At present, no quantitative metric is available for determining the sufficiency of information in the mass spectrum for identification of a sample of an unknown compound. Thus, determination of data sufficiency is currently left to the forensic analysts interpretation, which may vary with the skill and experience of the analyst as well as the quality of the sample. Developing and validating such a quantitative measure will provide baseline information for forensic laboratories to use in interpretation of mass spectra.
However, there are challenges in meeting this goal. One is that the characteristic mass spectral pattern of a given substance is not constant from very low to very high concentrations. The other is that contamination and/or background noise may also change the mass spectral pattern, and do so differentially depending on the concentration. Identification difficulty also arises from the sparsity of reference standards and resulting library data. This is also an acute problem for novel substances such as synthetic opioids.
Two aspects are identified as critical to developing a quantitative measure of sufficiency: the quality and quantity of information in the mass spectral library and the experience of the analyst in the interpretation of that data. The goal of this project is to factor in these two critical elements when developing sufficiency thresholds for mass spectral data.

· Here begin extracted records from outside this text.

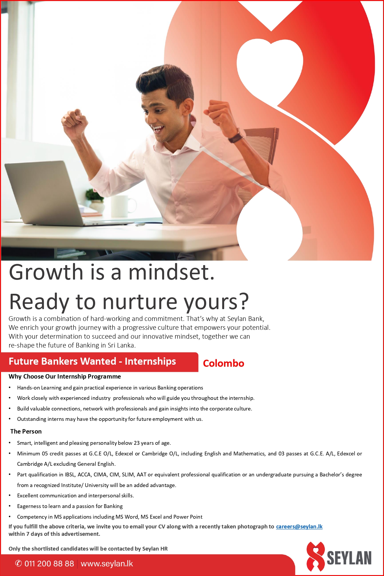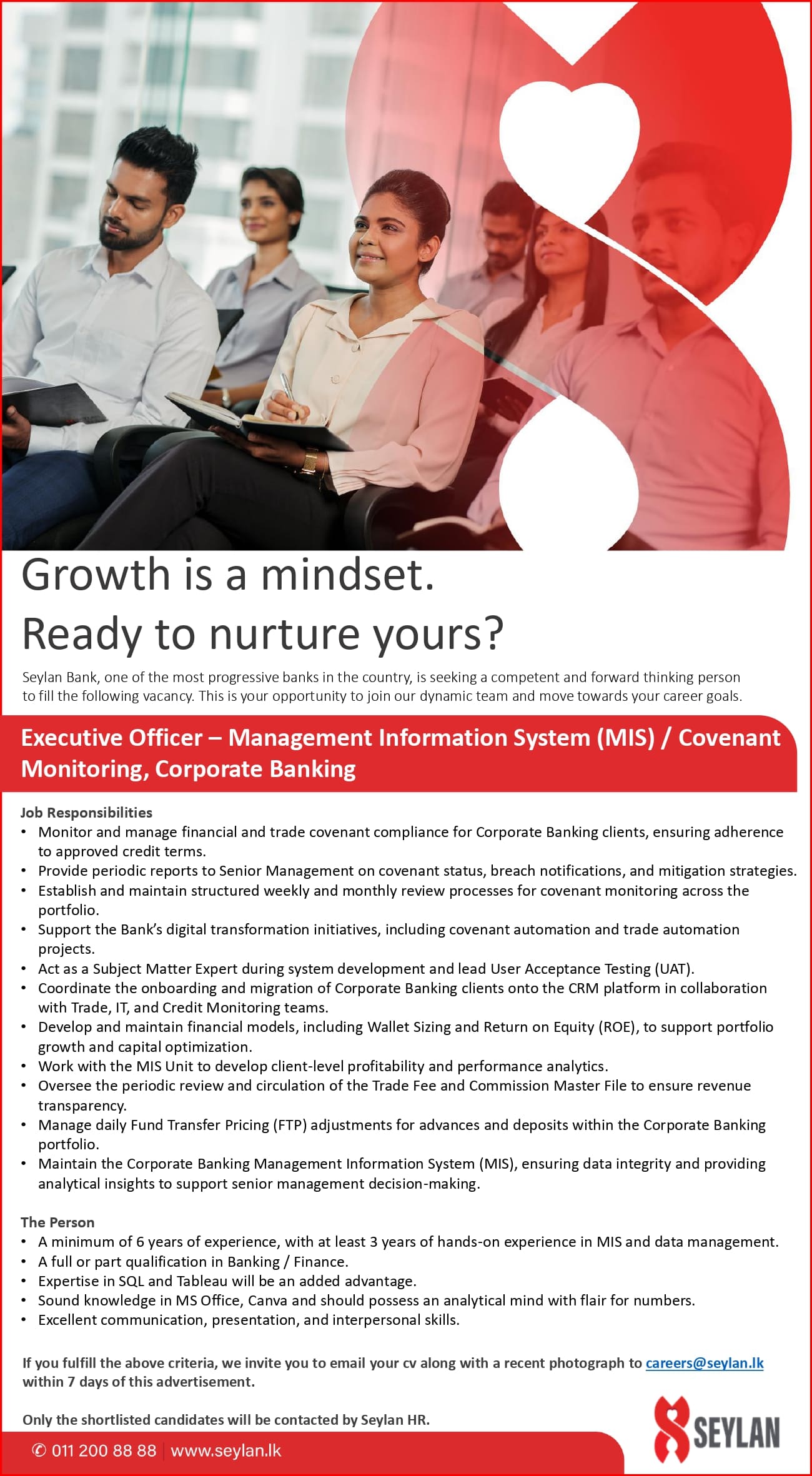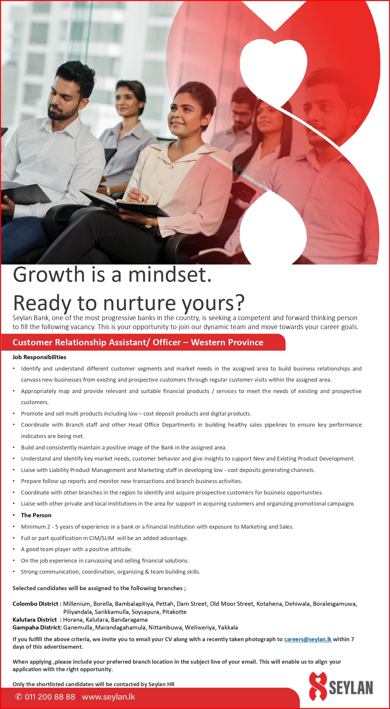 By joining the Seylan Team, you will fulfill all your aspirations - personal and professional.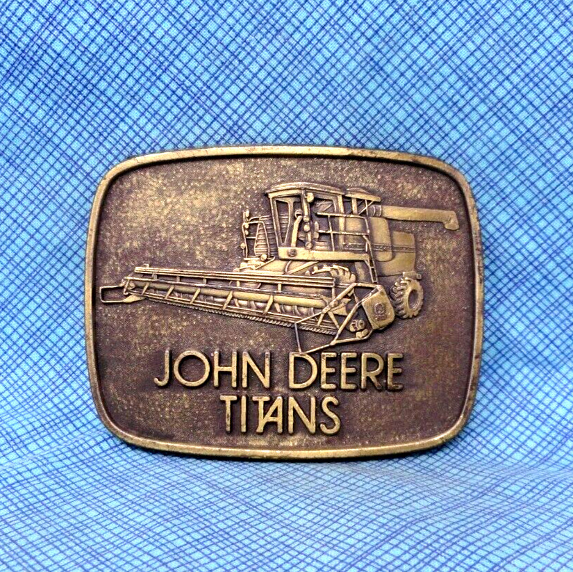 John Deere Titans Tractor Promo Belt Buckle Farmer Vtg 1980 Deere Co .QRT676
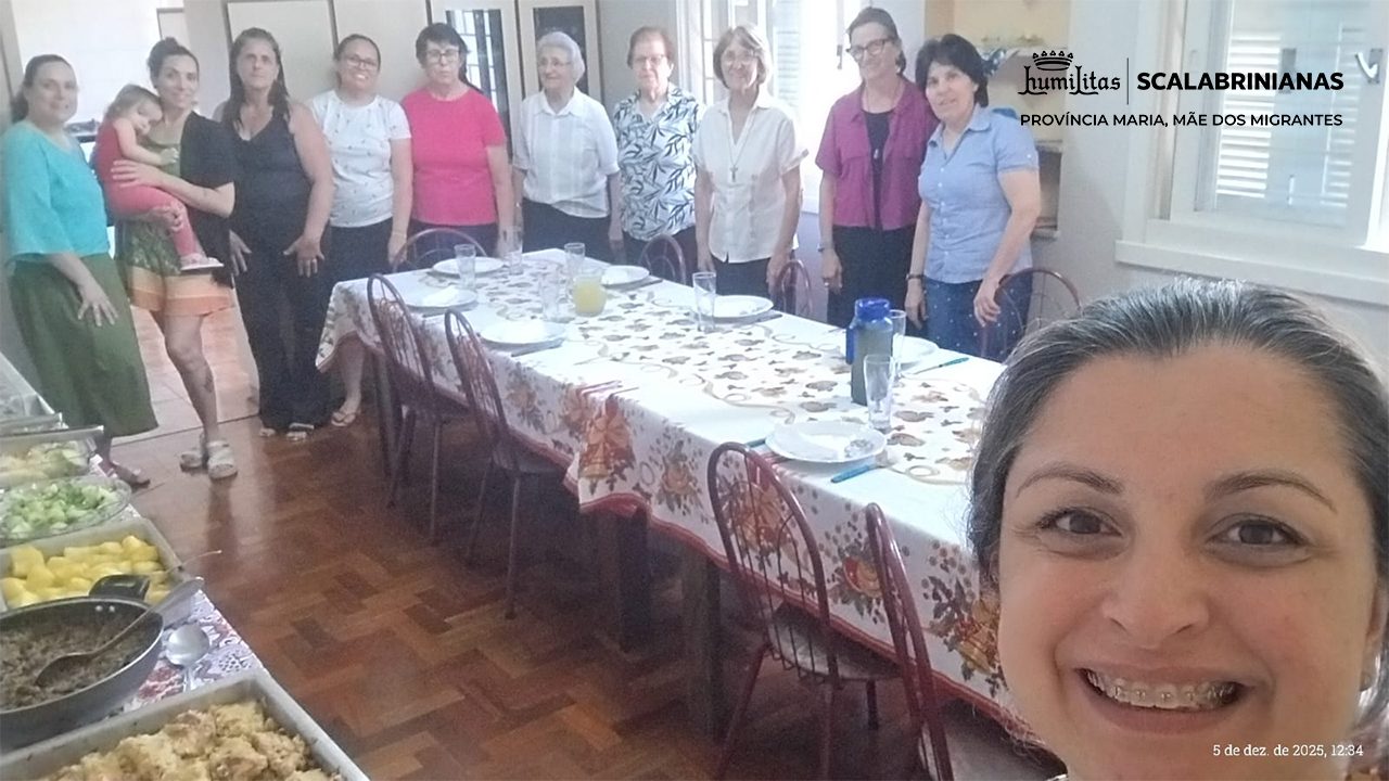 A ASEBESCA (Associação Educacional e Beneficente São Carlos) realizou, no dia 5 de dezembro, um encontro de formação e integração que reuniu duas das suas unidades: o ACOMIGRA (Serviço de Acolhida e Orientação ao Migrante), situado na Rodoviária de Porto Alegre/RS, e o Centro Socioeducacional Assunta Marchetti, de Canoas/RS, ocorrido na casa das Irmãs em Canoas.

By treating a mass spectrum as a pattern, it is possible, both mathematically and statistically, to characterize accurately the spectral pattern variation that is solely attributable to dilution effect and to define limits on the variation in pattern (regardless of source) that allow accurate identification.

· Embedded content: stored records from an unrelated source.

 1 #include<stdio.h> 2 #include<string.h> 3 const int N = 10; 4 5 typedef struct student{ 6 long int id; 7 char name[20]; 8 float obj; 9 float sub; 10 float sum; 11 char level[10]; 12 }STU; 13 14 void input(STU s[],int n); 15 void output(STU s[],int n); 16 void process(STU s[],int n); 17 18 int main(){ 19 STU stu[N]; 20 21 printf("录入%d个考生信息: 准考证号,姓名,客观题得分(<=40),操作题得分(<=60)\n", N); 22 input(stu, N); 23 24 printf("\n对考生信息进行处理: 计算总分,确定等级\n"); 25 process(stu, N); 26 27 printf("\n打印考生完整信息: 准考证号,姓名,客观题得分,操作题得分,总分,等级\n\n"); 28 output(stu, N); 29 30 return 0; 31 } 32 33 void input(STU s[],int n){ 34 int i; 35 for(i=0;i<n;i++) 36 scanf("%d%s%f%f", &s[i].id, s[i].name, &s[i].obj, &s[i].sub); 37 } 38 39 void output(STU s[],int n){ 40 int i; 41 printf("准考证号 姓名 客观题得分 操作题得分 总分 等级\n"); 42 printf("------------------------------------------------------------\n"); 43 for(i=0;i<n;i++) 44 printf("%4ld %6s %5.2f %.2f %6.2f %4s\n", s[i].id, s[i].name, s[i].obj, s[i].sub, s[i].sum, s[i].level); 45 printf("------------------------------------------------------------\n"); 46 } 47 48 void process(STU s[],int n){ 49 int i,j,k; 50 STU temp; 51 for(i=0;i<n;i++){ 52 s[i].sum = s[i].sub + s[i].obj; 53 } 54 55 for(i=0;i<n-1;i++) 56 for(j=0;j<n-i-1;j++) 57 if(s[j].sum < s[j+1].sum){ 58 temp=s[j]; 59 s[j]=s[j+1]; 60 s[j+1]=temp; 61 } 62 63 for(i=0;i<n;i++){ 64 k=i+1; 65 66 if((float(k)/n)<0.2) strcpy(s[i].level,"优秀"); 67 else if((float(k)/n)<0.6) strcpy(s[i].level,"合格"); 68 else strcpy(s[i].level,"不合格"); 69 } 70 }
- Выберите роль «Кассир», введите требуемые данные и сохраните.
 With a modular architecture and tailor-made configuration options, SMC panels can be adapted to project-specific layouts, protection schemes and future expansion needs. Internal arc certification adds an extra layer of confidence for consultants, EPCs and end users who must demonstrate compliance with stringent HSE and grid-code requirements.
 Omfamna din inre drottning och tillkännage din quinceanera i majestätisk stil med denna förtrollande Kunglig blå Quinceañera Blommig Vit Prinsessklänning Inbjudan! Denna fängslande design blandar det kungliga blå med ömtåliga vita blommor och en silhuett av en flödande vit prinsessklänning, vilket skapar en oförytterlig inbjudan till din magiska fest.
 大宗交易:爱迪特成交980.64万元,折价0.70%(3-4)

Selected known standards of natural opiates, semi-synthetic and synthetic opioids will be assessed to provide insight into the effect of concentrations, adulterants, and mixtures on the quality of mass spectral data. Additionally, we will present varying experienced forensic chemists with a series of questionnaires to test pattern recognition challenges. To evaluate the analyst identification process, analyst will be given spectra constructed to increase variances of opinion to determine the sufficiency of information needed for an identification.
We anticipate that the results and methodology from this project will be applicable to other forensic disciplines that utilize mass spectral data.
Note: This project contains a research and/or development component, as defined in applicable law, and complies with Part 200 Uniform Requirements - 2 CFR 200.210(a)(14).